The National Archives' Internal Security Oversight Office (ISOO) has completed its audit of the (formerly-secret) reclassification program conducted over the past several years, and released its
report yesterday. The audit uncovered evidence that 25,315 records were reclassified under the program - of a sample of those, 24% were found to fall under the category "clearly inappropriate for continued classification," and another 12% were "questionable."
"In one re-review effort," the audit reports, "the Central Intelligence Agency (CIA) withdrew a considerable number of purely unclassified records in order to obfuscate the classified equity that the agency was intent on protecting. Included in the inappropriate category above, at least 12 percent of the records sampled had apparently been properly declassified, but were later improperly reclassified."

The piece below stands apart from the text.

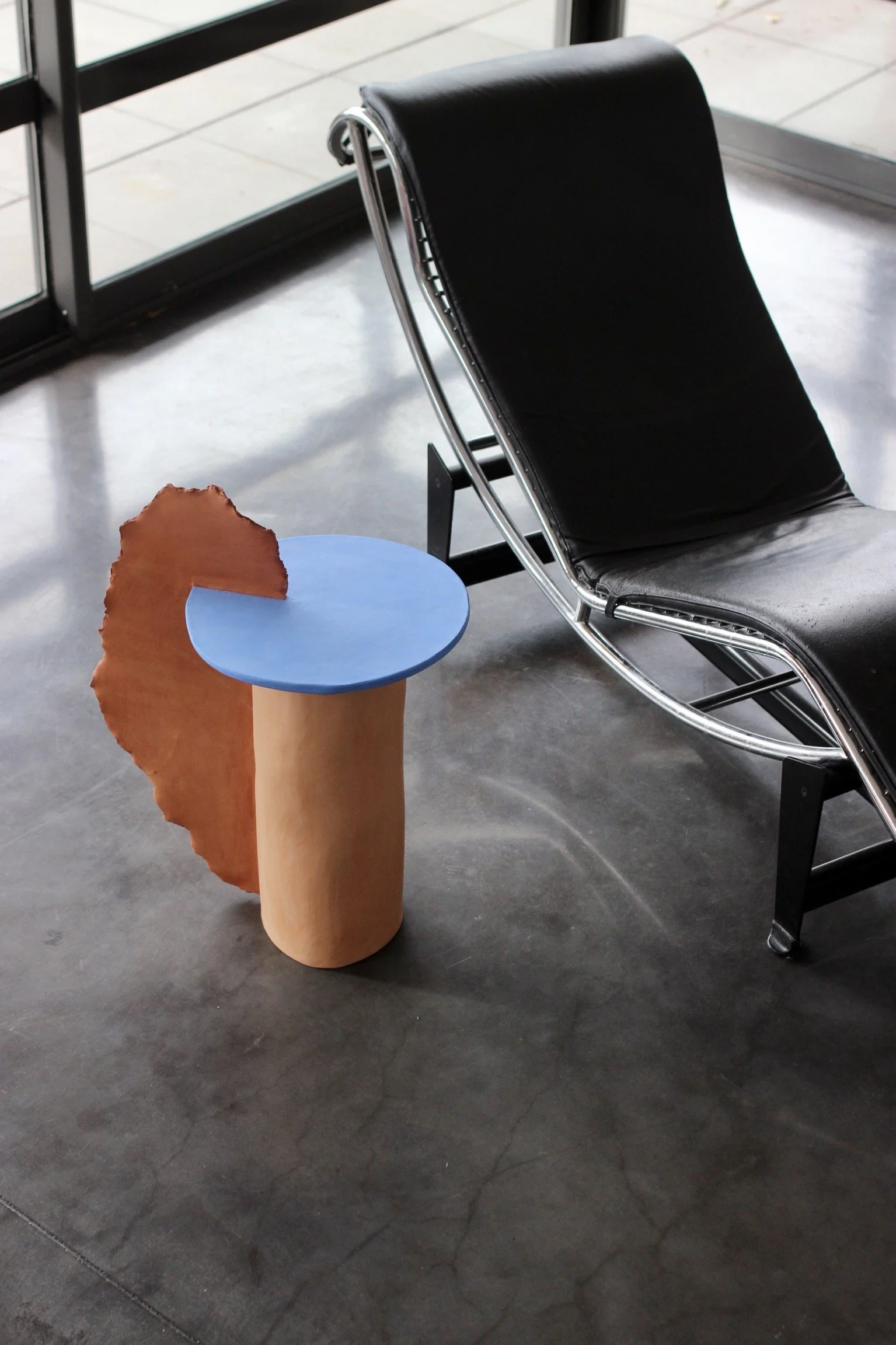 Pièce unique. Fait à la main. Modelage. Faïence rose et rouge. Engobe bleu.

While the report concludes that reclassification was appropriate "anywhere from 50 percent to 98 percent of the time" (differing from review to review), "Even when a withdrawn record met the standard for continued classification, in a number of instances we believe insufficient judgment was applied to the decision to withdraw the record from public access."
Responding to the audit, Archivist of the United States Allen Weinstein released a lengthy
statement, calling the percentage of improperly-reclassifed documents "stunning[ly] large," adding "In short, more than one of every three documents removed from the open shelves and barred to researchers should not have been tampered with." Of the CIA's reclassifying records in order to keep other records hidden, Weinstein said "That practice, which undermined NARA's basic mission to preserve the authenticity of files under our stewardship, must never be repeated."
Weinstein went on to announce a series of six directives in response to the audit:
- New guidelines for agencies engaged in any reclassification efforts, which establish "standardized procedures that will ensure that withdrawal of records from public access are rare, are conducted in collaboration with NARA, and take place only when continued public access to a record would cause serious, demonstrable damage to national security."
- An effort to work "with the agencies involved to ensure that documents removed erroneously or improperly from open shelves at the National Archives will be restored to public access as expeditiously as possible."
- The formation of a National Declassification Initiative, intended to reduce a severe backlog of files marked for declassification and make them available.
- Appointment of "a team to undertake a longer-term analysis of how NARA processes the classified material in its custody."
- Recommendation for "an appropriation to be used to expedite processing of classified files, both paper and electronic, in order to begin reducing the unconscionable backlog of unprocessed documents due to funding shortfalls."
In a press conference, Weinstein commented "We're in the access business, not the classification business" as he announced these new measures.
This is a good start from NARA. Weinstein has conducted himself admirably throughout this process, and it is my hope that the Archives will manage to hold its ground here. As I've said before, of course I agree that materials should remain classified if their release would harm national security; but reclassification for its own sake makes no sense. Weinstein's responses seem appropriate to the situation, but as one researcher noted yesterday "It's too early to say whether this will solve the problem, but it brings the matter out into the open where it belongs."
The
NYTimes,
WaPo, and
LATimes all have coverage of this story today.